**Task to complete**
Omitting all images, set down every line below exactly as it appears.

**Data extract**
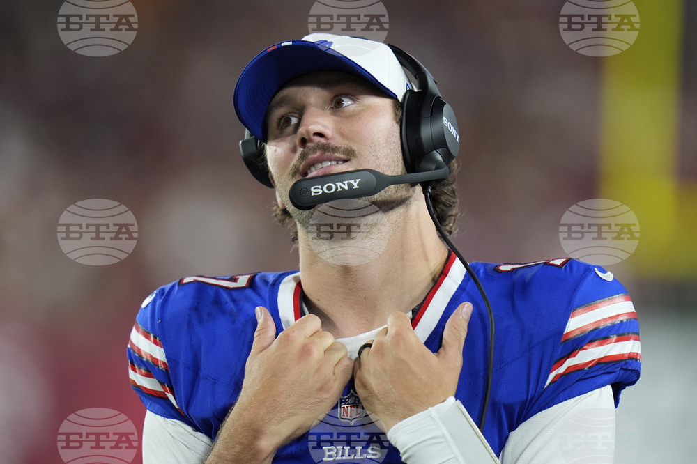 Buffalo Bills quarterback Josh Allen watches during the first half of an NFL preseason football game against the Tampa Bay Buccaneers, Saturday, Aug. 23, 2025, in Tampa, Fla. (AP Photo/Chris O'Meara)
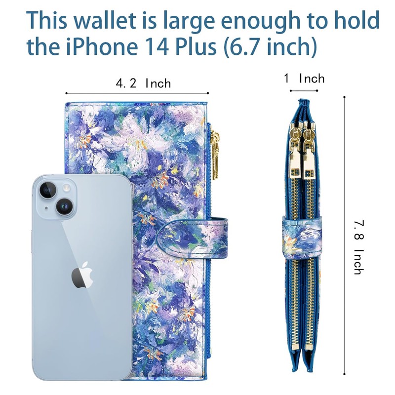 Coco Rossi Womens RFID Blocking Large Capacity Wallet Multi Card Organizer Bifold Wallet for Women with Zipper Pocket, Blue Flowers, Large, Classic
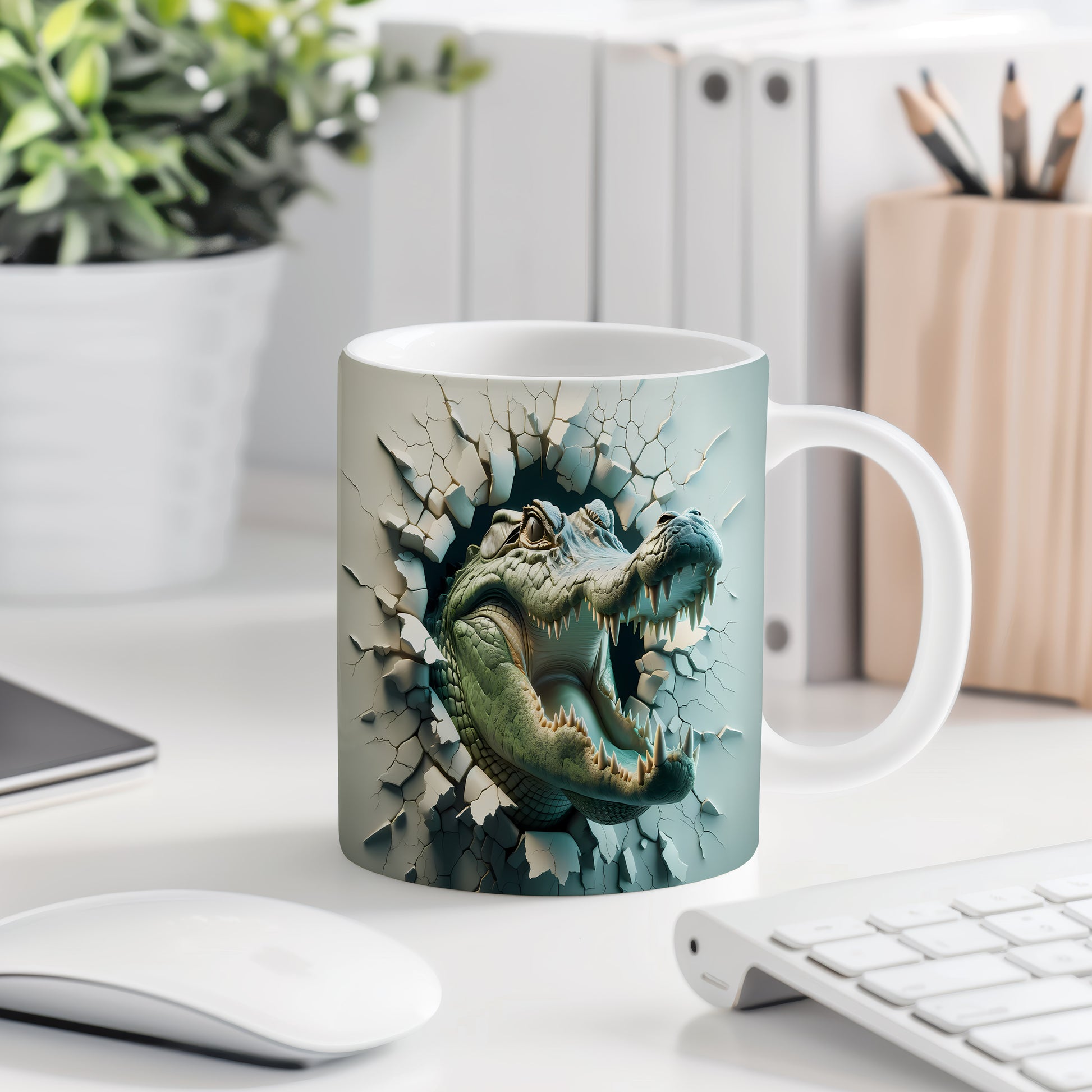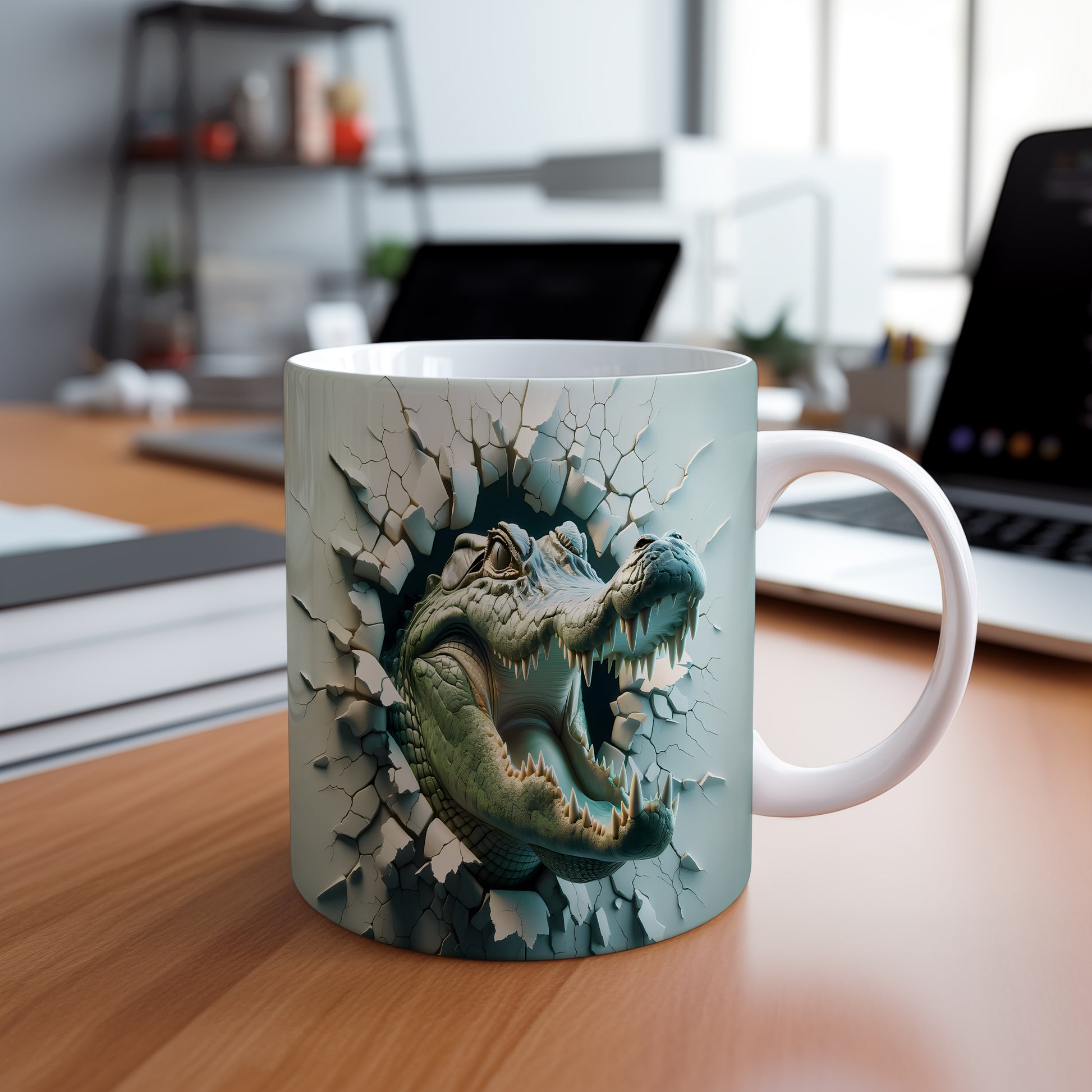 Tento hrnek zobrazuje krokodýla s realistickým 3D efektem, ideální pro milovníky zvířat a přírody. Skvělý tip na dárek pro každého, kdo ocení originální design. Materiál: keramika. Objem: 330 ml. Vhodné do myčky i mikrovlnky. Používání tohoto hrnku přináší radost z každého doušku.

**Answer for this exercise**
 Buffalo Bills quarterback Josh Allen watches during the first half of an NFL preseason football game against the Tampa Bay Buccaneers, Saturday, Aug. 23, 2025, in Tampa, Fla. (AP Photo/Chris O'Meara)
 Coco Rossi Womens RFID Blocking Large Capacity Wallet Multi Card Organizer Bifold Wallet for Women with Zipper Pocket, Blue Flowers, Large, Classic
 Tento hrnek zobrazuje krokodýla s realistickým 3D efektem, ideální pro milovníky zvířat a přírody. Skvělý tip na dárek pro každého, kdo ocení originální design. Materiál: keramika. Objem: 330 ml. Vhodné do myčky i mikrovlnky. Používání tohoto hrnku přináší radost z každého doušku.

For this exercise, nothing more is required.